Update: Further comments can be found here on Hacker News.
Mike Stockdale
May 13, 2014 @ 14:00:38
It’s a vicious circle – I don’t go because there’s nothing for developers… Actually there’s lots of agile developer content at code camps/retreats, etc. these days so that’s where I’ve gone.
JR
May 13, 2014 @ 15:39:35
I hear you Mike. Not surprising. I feel the same way.
Cheers
anonymous
May 13, 2014 @ 15:57:39
At this point, as far as I can see, Agile is mostly marketing jibber jabber with the goal of making lots of money for trainers and certifications.
Serious sw development has always used quick iterations and good feedback; this is documented back into the Apollo program.
I am not personally interested in Agile conferences, books, training materials, processes, etc. Where the rubber meets the road, it is a lot of playing around by PMs to be buzzword compliant and hopefully the silliness of whatever standup dance & sprint decisions won’t actually interfere with the work getting done to get the product out the door.
Javier Gonel
May 13, 2014 @ 16:20:39
My last agile/lean development meetups are 45% recycled project managers that are now applying scrum/xp/whatever. The other 45% is someone trying to sell their training.
Some times, only some times, you get that 10% of insight. 5% someone talking (preso) about something useful, 5% talking with someone and starting a nice and productive conversation outside the presentation room.
JR
May 13, 2014 @ 16:33:33
That is my experience also Javier.
No new insights.
Everyone managing.
No one doing.
Cheers
Andrew Shebanow
May 13, 2014 @ 16:29:39
When people start spelling the name of a development methodology with a leading capital letter, odds are very good that the methodology has lost all value and meaning already.
Scott Rubin
May 13, 2014 @ 16:36:16
As a developer, I’m just sick of agile nonsense. Whenever someone tries to recruit me and brags about how agile they are, they might as well tell me they never bathe. I’m interested in technology, not nonsense buzzwords that do nothing more than let useless project managers validate their own worth to themselves.

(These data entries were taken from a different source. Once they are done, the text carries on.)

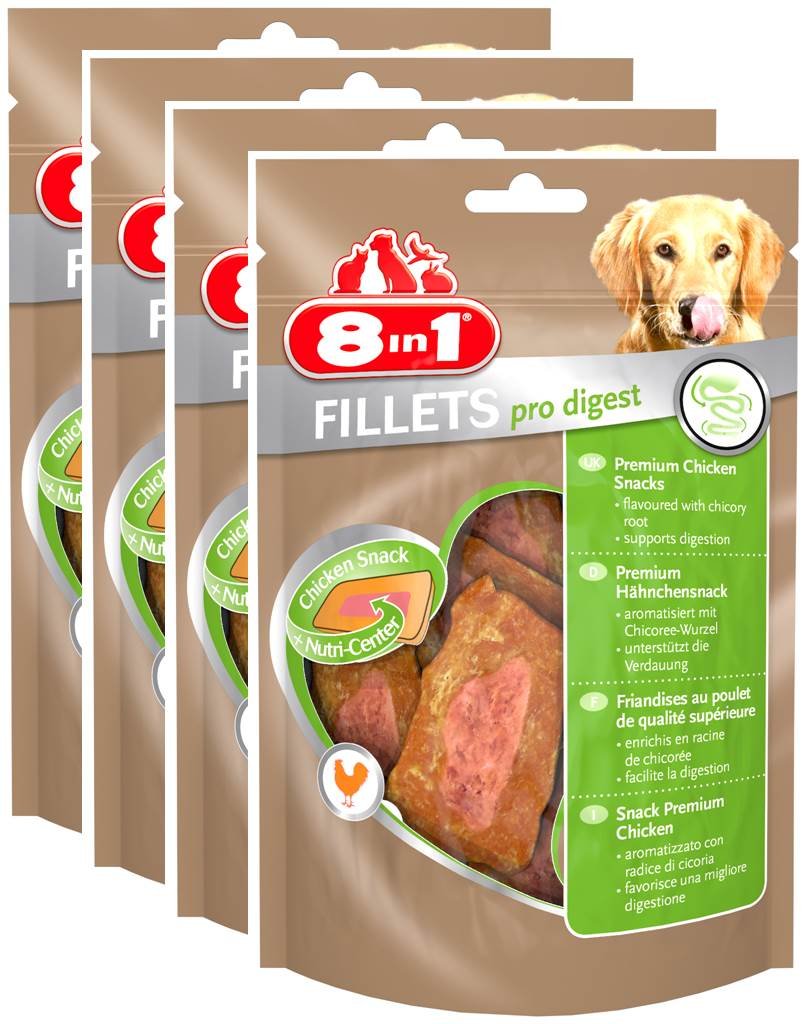 8in1 Fillet Pro Digest Friandises pour chiens adultes et seniors de grandes races – Favorise la santé digestive – Au poulet – Lot de 4 x 80g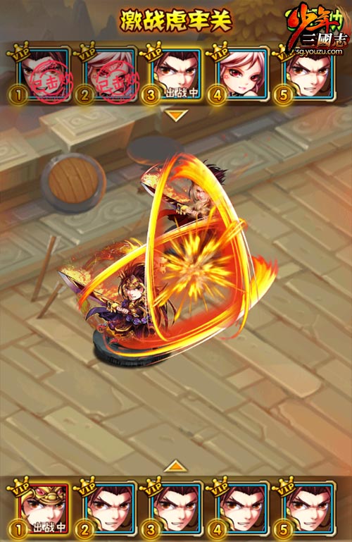 激战虎牢关采取排位对决的战斗方式,根据组队的排位决定出战顺序,败者下场,胜者继续对决,每人最多可以战斗三场。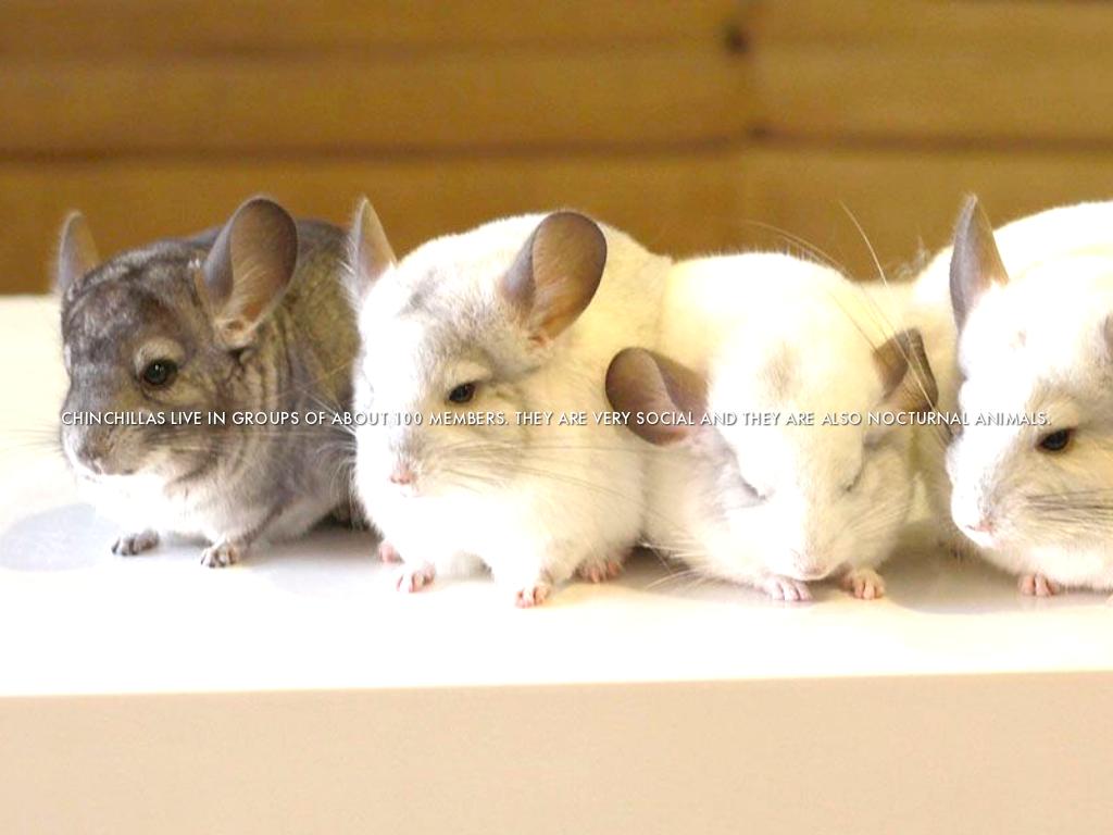 CHINCHILLAS LIVE IN GROUPS OF ABOUT 100 MEMBERS. THEY ARE VERY SOCIAL AND THEY ARE ALSO NOCTURNAL ANIMALS.

The real question to ask is not where all the developers are, but why are you non-developers here? All you know is some hokey management methodologies. What use are you to a developer, or anyone with actual technical skills? None. No use.
End Middle Management
May 13, 2014 @ 17:07:09
Every comment on this page is cogent and intelligent. Too bad I can’t say the same for agile methodologies.
Josh
May 13, 2014 @ 17:35:04
I’ve stopped going due to the large amount of BS that comes has arose over the years… You called it… its the “scrum professionals, certification wonks, vendors, and other ‘professionals’ who do everything but deliver software”! Why would I want to listen to people that have never coded try to tell me how I should deliver code? I might listen to an individual if they were a developer that jumped over to the other side… but most of these people are BA’s or PM’s that know nothing but IT acronyms & try to BS us at every turn.
Barney
May 13, 2014 @ 18:52:14
If they have good ideas, why does it matter if they’ve never coded? Do you think that a professional football coach has played every position on the field? Do trombonists dismiss the conductor’s input because he’s never picked up a trombone?

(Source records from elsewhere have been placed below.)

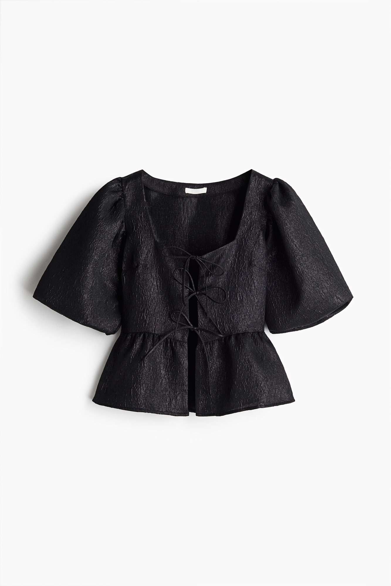 Короткая блузка из жаккардового переплетения с блестящими нитями. Квадратный вырез и открытая передняя часть с тремя парами узких завязок. Рукава-баллоны на подкладке, длиной до локтя, шов на талии и расклешенный пеплум.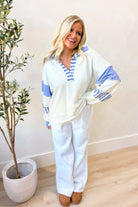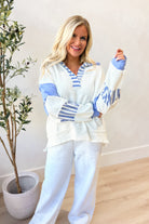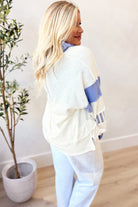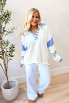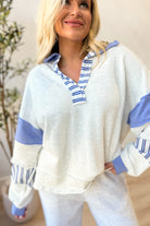 Stay cozy and stylish in the Steffanie French Terry Color Block Pullover by Bucketlist. This oversized sweatshirt features a playful striped color block design and a flattering V-neck, perfect for adding a fun twist to your casual wardrobe. Soft French terry fabric keeps you comfy all day long, whether you're lounging or out and about.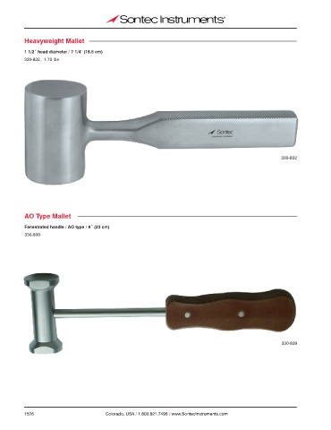 Heavyweight Mallet 1 1/2˝ head diameter / 7 1/4" (18.5 cm) 330-832 1.72 lbs 330-832 AO Type Mallet Fenestrated handle / AO type / 9˝ (23 cm) 330-839 330-839 1526 Colorado, USA / 1.800.821.7496 / www.SontecInstruments.com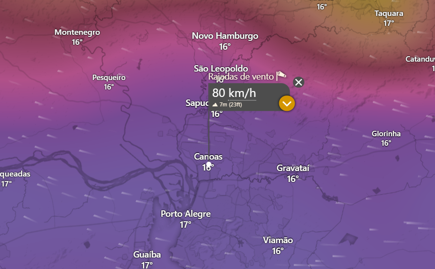 Inicialmente, os modelos indicavam rajadas acima dos 100 km/h em Canoas. Agora, com a nova atualização, o pico dos ventos deve ocorrer por volta das 21h desta sexta-feira, com velocidades que podem chegar aos 80 km/h.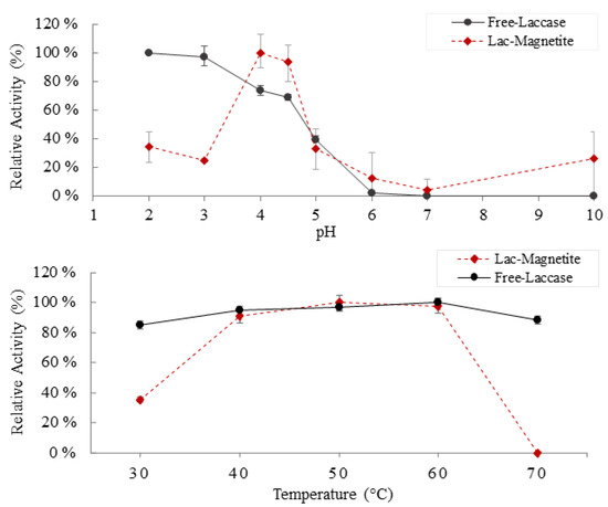 We evaluated the impact of pH and temperature on enzyme activity (Figure 3). Optimal activity for the free-laccase was observed under acidic conditions (maximum activity at pH 2). Similar optimal values between pH 2–4 were reported previously [41]. In contrast, for pH values of 6 and above, the activity decreases and becomes almost negligible. In the case of the bionanocomposites, maximum activity was observed at pH 4, followed by a considerable decrease for pH values of 6 and above. The change in the optimal pH for Laccase-Magnetite to higher values is likely caused by an uneven concentration of the H+ and OH− ions between the support matrix and the bulk solution [33]. Regarding the effects of temperature on the activity of the enzyme, both the immobilized laccase and the free laccase showed more than 85% of relative activity between 40 and 60 °C; in both cases (free-laccase and laccase-magnetite), there is a pronounced deactivation effect above 60 °C, being slightly higher for the immobilized laccase, losing around 15–30% of the relative activity.

Or test should be whether the ideas work, not who they came from.
Professionals have coaches because it’s useful to have another pair of eyes watching you to see how you can improve. Nobody said coaches have to be any good at doing the thing themselves.
Now, if the ideas are bad, then let’s throw them out. But I do see it as a significant problem today that programmers don’t *really* listen to non-programmers.
End Middle Management
May 13, 2014 @ 18:55:29
“why does it matter if they’ve never coded?”
Because experience matters much more than opinion. Especially when it comes from a metaworker who is only covering their ass.
Barney
May 13, 2014 @ 19:16:49
EMM: Is a football coach “a metaworker who is only covering their ass”? Is an orchestra conductor telling a trombonist they’re out of tune just giving an “opinion”, worth less than the “experience” of blowing one?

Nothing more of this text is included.